Azure MSTTS Extensions

Automatic Namespace Injection

The formatter automatically detects when Azure-specific MSTTS tags are present in the generated SSML and injects the required xmlns:mstts="https://www.w3.org/2001/mstts" namespace declaration into the <speak> tag.
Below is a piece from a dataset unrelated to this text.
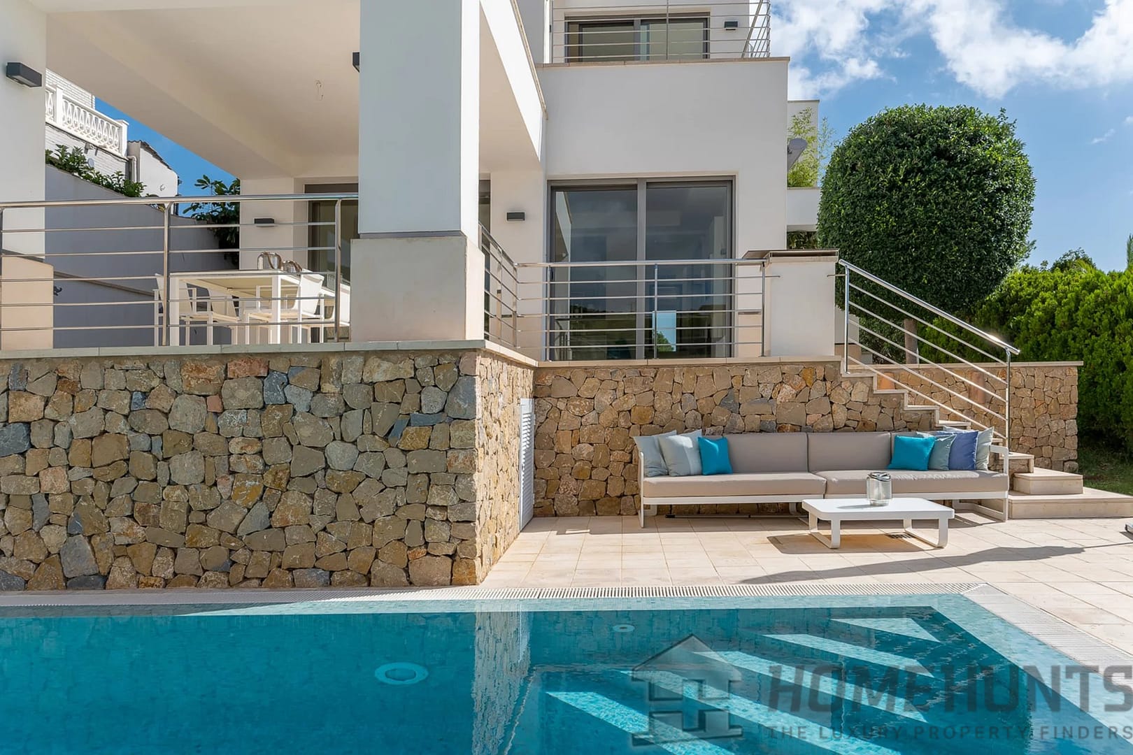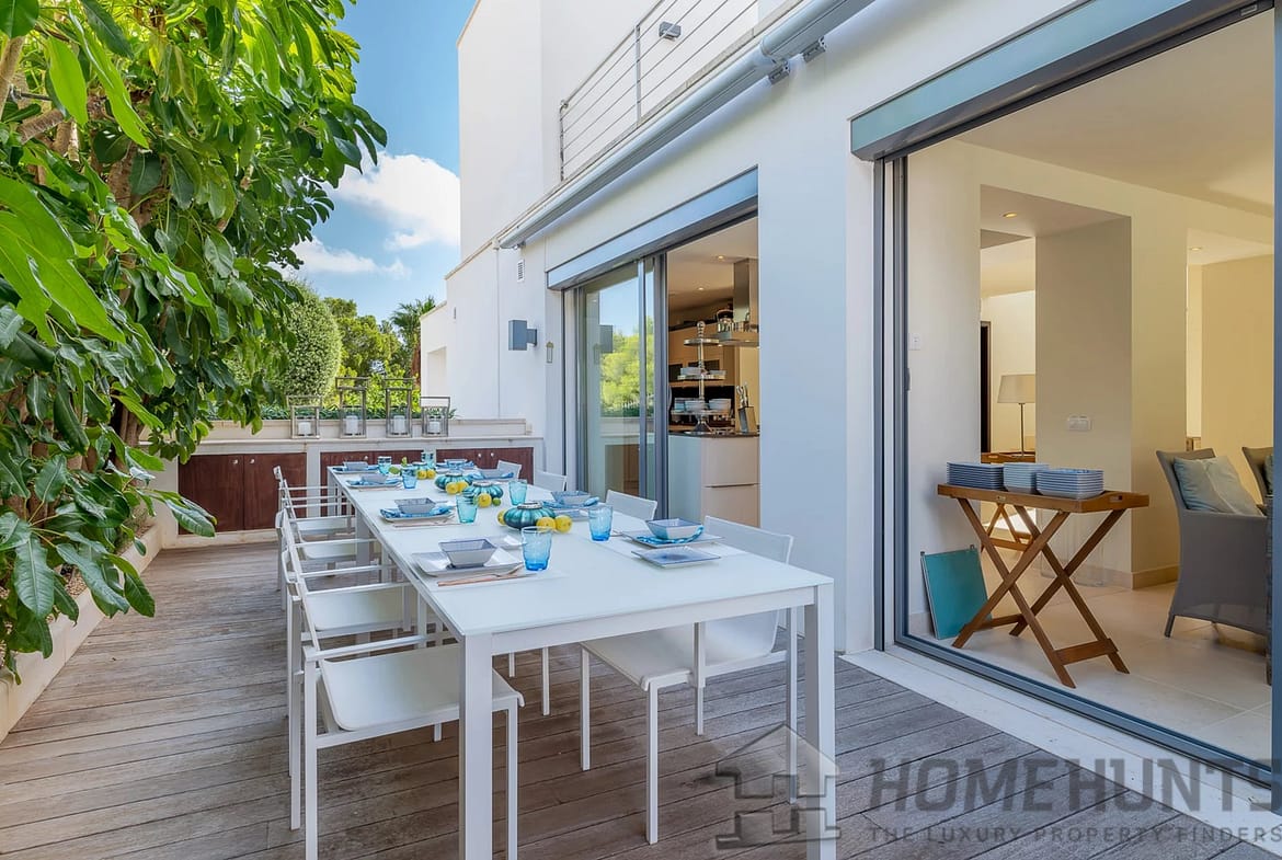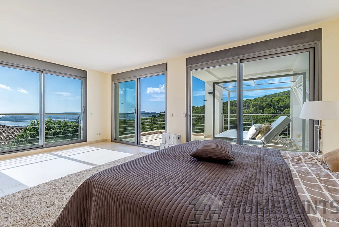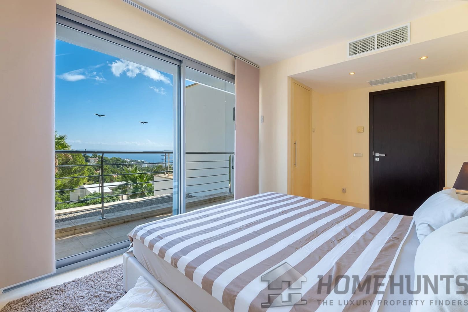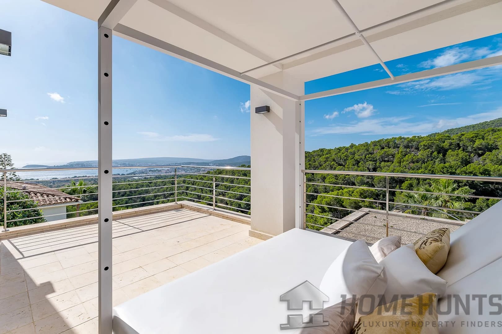 Upstairs there are three further bedrooms, two of which share a large bathroom, with their own terraces and private areas. The spacious and majestic master bedroom has an en-suite bathroom, a dressing room and a large terrace overlooking the bay of Palmanova, turning evenings into magical moments under the lights of the bay.

This ensures valid SSML without manual intervention.

Express-As Styles

Azure neural voices support 33 emotional and scenario-specific speaking styles through the mstts:express-as element.

Emotional Styles:

  • (text)[excited] - Excited, enthusiastic delivery
  • (text)[disappointed] - Disappointed, let-down delivery
  • (text)[friendly] - Warm, friendly delivery
  • (text)[cheerful] - Upbeat, cheerful delivery
  • (text)[sad] - Sad, melancholic delivery
  • (text)[angry] - Angry, irritated delivery
  • (text)[fearful] - Fearful, anxious delivery
  • (text)[empathetic] - Caring, empathetic delivery
  • (text)[calm] - Calm, composed delivery
  • (text)[hopeful] - Hopeful, optimistic delivery
  • (text)[terrified] - Terrified, extremely fearful delivery
  • (text)[unfriendly] - Cold, unfriendly delivery
  • (text)[gentle] - Gentle, soft delivery
  • (text)[serious] - Serious, formal delivery
  • (text)[depressed] - Depressed, low-energy delivery
  • (text)[embarrassed] - Embarrassed, awkward delivery
  • (text)[disgruntled] - Disgruntled, annoyed delivery
  • (text)[envious] - Envious, jealous delivery
  • (text)[affectionate] - Affectionate, loving delivery

Scenario-Specific Styles:

  • (text)[newscaster] - News broadcast style
  • (text)[shouting] - Shouting, loud delivery
  • (text)[whispering] - Whispering, quiet delivery
  • (text)[lyrical] - Lyrical, singing-like delivery
  • (text)[assistant] - Digital assistant style
  • (text)[chat] - Casual chat style
  • (text)[customerservice] - Customer service style
  • (text)[poetry-reading] - Poetry reading style (section-level only)
  • (text)[narration-professional] - Professional narration style (section-level only)
  • (text)[narration-relaxed] - Soothing, melodious narration style (section-level only)
  • (text)[newscast-casual] - Casual news style (section-level only)
  • (text)[newscast-formal] - Formal, confident, authoritative news style (section-level only)
  • (text)[documentary-narration] - Relaxed, interested documentary style (section-level only)
  • (text)[advertisement_upbeat] - Excited, high-energy advertising style
  • (text)[sports_commentary] - Relaxed, interested sports broadcasting style
  • (text)[sports_commentary_excited] - Intensive, energetic sports broadcasting style

Style Degree:

Control style intensity with numeric values between 0.01 and 2.0 (default 1.0):

(This is slightly excited)[excited:"0.5"]
(This is very excited)[excited:"1.8"]

Role Attribute:

Combine style with character voice roles using semicolon-delimited syntax:

(Hello there!)[excited;role:"Girl"]
(Hello there!)[excited:"1.5";role:"Girl"]
(Bonjour!)[style:"friendly";role:"YoungAdultFemale"]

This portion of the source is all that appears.